“Duel!” she shouted in unison, taking back her duel disk and snapping it back on as fast as she could get to it. She was jittery with excitement- it was a shame they had taken Ruri from her, she was sure that Ruri could hold her own too. She was finally getting out of this hellhole.
Although it was only one turn she got in before the device began to blink, an Obelisk mook that the man had defeated got a swift right hook when he tried to grab onto Rin. Nasty bastards, she thought. Back in the City they had at least known when to call it quits. It was part of how she had ended up here, thinking that the enemy would just give up quietly, and she didn’t intend to make the same mistake twice.
When they were enveloped in blue light, Rin finally relaxed for a moment, rubbing her right hand. “Who are you?” she asked. “Where are we now?”
To be ripped from one’s surroundings with neither an explanation nor any means of exerting control over one’s circumstances had to be a disconcerting sensation, but Shun couldn’t quite afford to harbor any sympathy for Ruri’s Synchro counterpart, impressive hand to hand combat skills or not.
“Be quiet for a moment,” he demanded, taking a firm hold of her shoulders, and nodded for one of Reiji’s female scientists to approach, the woman in question wasting no time patting her down – first, with her hands, then, with three different electronic devices.
“Sir, I have detected two bugs and one tracking device under the Synchro piece’s skin.”
“Remove them and perform an analysis- now.”
Shock and nervosity permeated the examination room, doctors and researchers alike bustling about, gathering their equipment and tuning it for the situation at hand, whereas Shun stepped behind the girl, twisting her hands on her back and holding her in place for the doctor approaching with an anesthetic spray and a scalpel to perform his task.
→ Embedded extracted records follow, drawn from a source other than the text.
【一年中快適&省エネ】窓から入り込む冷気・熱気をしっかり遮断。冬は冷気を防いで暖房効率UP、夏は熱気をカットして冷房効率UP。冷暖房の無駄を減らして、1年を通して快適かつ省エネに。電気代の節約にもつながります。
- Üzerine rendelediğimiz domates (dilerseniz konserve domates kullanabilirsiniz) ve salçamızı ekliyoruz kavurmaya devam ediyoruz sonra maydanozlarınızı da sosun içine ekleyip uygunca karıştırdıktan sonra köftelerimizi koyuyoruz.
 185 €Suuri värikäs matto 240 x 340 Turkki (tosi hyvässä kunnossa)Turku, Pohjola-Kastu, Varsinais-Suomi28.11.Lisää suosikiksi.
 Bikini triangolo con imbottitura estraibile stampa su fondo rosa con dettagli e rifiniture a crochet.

Having removed the foreign objects with one precise cut each, the doctor handed them to a researcher standing in wait right next to him, and only then dabbed the cuts with a cotton swab and covered them with a band-aid.
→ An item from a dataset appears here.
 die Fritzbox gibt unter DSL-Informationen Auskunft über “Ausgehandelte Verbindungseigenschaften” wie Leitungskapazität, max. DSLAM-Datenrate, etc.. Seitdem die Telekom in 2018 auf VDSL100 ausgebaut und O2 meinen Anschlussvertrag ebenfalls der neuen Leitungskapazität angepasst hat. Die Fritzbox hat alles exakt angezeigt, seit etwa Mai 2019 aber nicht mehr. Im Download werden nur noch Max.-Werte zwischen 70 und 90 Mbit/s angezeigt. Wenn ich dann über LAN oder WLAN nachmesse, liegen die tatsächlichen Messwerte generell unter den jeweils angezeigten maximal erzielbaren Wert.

“Everything’s alright, Sir. The jamming levels of this room were high enough to intercept the transmissions attempted,” the head researcher ultimately announced, and Shun’s ears picked up on a collective sigh of relief, his own posture relaxing slightly as he released his iron grip on Ruri’s Synchro counterpart.
“Good. Keep the devices active and feed them false data. If we manage to fool Akaba Leo into believing we escaped to Synchro, that should buy us enough time to adjust our own plans.”
‘Now that we’ve obtained the Synchro piece in Ruri’s stead’ were the words left unspoken before he continued, “Once the devices are transmitting again, I want you to report the current state of affairs to Akaba Reiji- doesn’t matter whether in person or in written form.“
The staff responded with a firm “Yes Sir!” already bracing themselves for an inevitable all-nighter; anything for the sake of Standard’s war effort.
For now, an immediate crisis was averted, allowing for Shun to address the girl’s questions and concerns for the first time since her arrival. Had he been anyone else, he would be apologizing for having handled her so roughly, for not having offered a single word of understanding and comfort.
But war had bled him dry of compassion for strangers, and his priorities lay elsewhere. Instead, he motioned for her to follow him to an adjacent room containing a desk, a computer, and two chairs opposite one another.
“Have a seat,” he instructed, taking the chair facing the computer screen for himself.
“My name is Kurosaki Shun, second leader of Standard’s army, Standard being where we are right now. Let me warn you in advance that I’ve no comfort to offer. Eight weeks from now at the latest, this dimension will be in a state of war, and I won’t tolerate but a single instance of misconduct or disobedience.”